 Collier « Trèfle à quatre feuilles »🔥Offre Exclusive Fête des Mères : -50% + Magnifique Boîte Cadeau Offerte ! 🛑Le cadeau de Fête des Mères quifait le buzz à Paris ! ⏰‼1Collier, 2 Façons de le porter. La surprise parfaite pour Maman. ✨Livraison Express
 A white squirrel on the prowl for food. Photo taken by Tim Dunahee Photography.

━━━━━━━━━━━━━━━━━━━━

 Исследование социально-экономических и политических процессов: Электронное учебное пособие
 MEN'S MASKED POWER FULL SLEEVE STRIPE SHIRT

━━━━━━━━━━━━━━━━━━━━

**What you need to do**
Look above for the line holding "Maman. ✨Livraison Express", then set down exactly that line and every line after it up to and including the line holding "A white squirrel", with nothing else.

**Your response**
 Collier « Trèfle à quatre feuilles »🔥Offre Exclusive Fête des Mères : -50% + Magnifique Boîte Cadeau Offerte ! 🛑Le cadeau de Fête des Mères quifait le buzz à Paris ! ⏰‼1Collier, 2 Façons de le porter. La surprise parfaite pour Maman. ✨Livraison Express
 A white squirrel on the prowl for food. Photo taken by Tim Dunahee Photography.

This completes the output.